Впрочем, по обычным мерилам, при популярности Артека с его масштабами, это был, в общем, немногочисленный пионерский городок небольшого, опять-таки по обычной мерке, завода, коллектив которого издавна привык к этим «семи холмам». И хотя годы шли, менялся состав воспитателей, администраторов и пионервожатых, оставалось доверительное отношение к «семи холмам» как к месту, знакомому и привычному.

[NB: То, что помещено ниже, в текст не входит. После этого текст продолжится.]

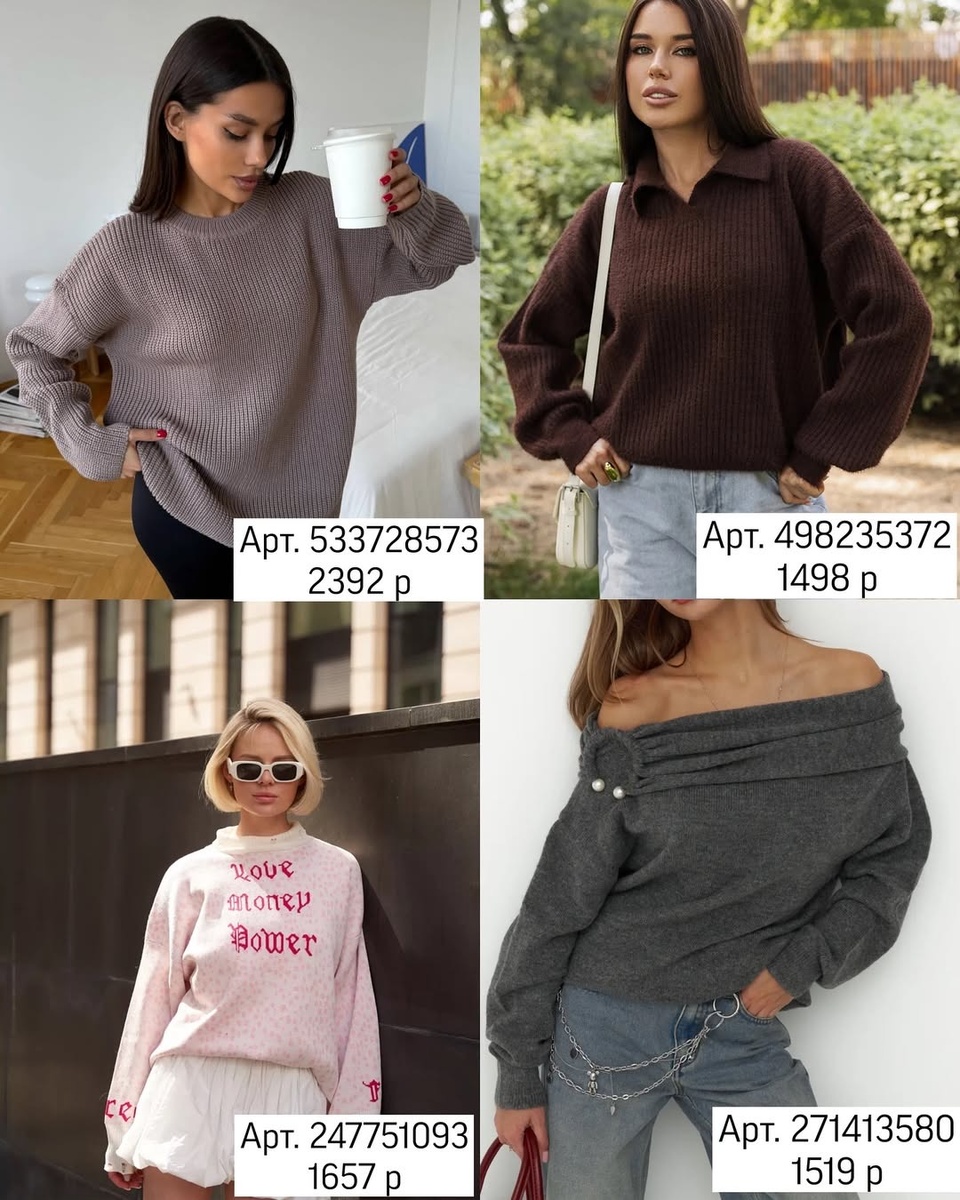Тёплый джемпер — это не просто вещь на холодный день. Это основа зимней капсулы, способ быстро собрать гармоничный образ и подчеркнуть характер. Я собрала для вас подборку трикотажа с WB: мягкие базовые модели, акцентные фактуры, романтичные детали и дерзкие принты. Ниже — подробный разбор строго по артикулам, как сидит каждая вещь, с чем носить и как сделать комплект дороже на вид. Базовый джемпер цвета какао. Плотная резинка, мягкое спущенное плечо, длина закрывает верх бёдер. Вязка не добавляет объёма, красиво держит форму по низу и манжетам. Совет стилиста: сочетайте с молочными широкими брюками и сапогами-трубами. Чтобы вытянуть силуэт, заправьте край спереди в пояс и добавьте узкий ремень. Шоколадный пуловер с воротником-поло. Трикотаж средней плотности, рукав чуть объёмный, посадка полусвободная. Воротник «рисует» линию шеи и добавляет структуру. Совет стилиста: идеально к голубым прямым джинсам и кожаной сумке-седлу. Поверх — тренч или стёганая куртка. Пудровый свитшот с надпи

Такое отношение поддерживалось и тем, что начальником лагеря уже много лет был человек, нельзя сказать чтобы всеми любимый — характером довольно крутой: «мамаш» гонял нещадно, сотрудников держал в ежовых рукавицах, — но безусловно уважаемый. Дим Димыч, как его все звали, Анциферов, полковник в отставке, до войны на этом же заводе получил свою первую рабочую квалификацию, а вернувшись с фронтов, стал ведать кадрами. И, будучи однополчанином Дробитько, как-то, когда Генка был еще пионером, устроил его к себе в лагерь.

Это было счастливое лето. Генка пробыл две смены. Он впервые открыл для себя сущность простых и важных вещей: воды, ветра, травы и множества других, обступивших его, заключивших его в свой круг, словно в новой и увлекательной игре, в которой, однако, все было серьезно и значительно.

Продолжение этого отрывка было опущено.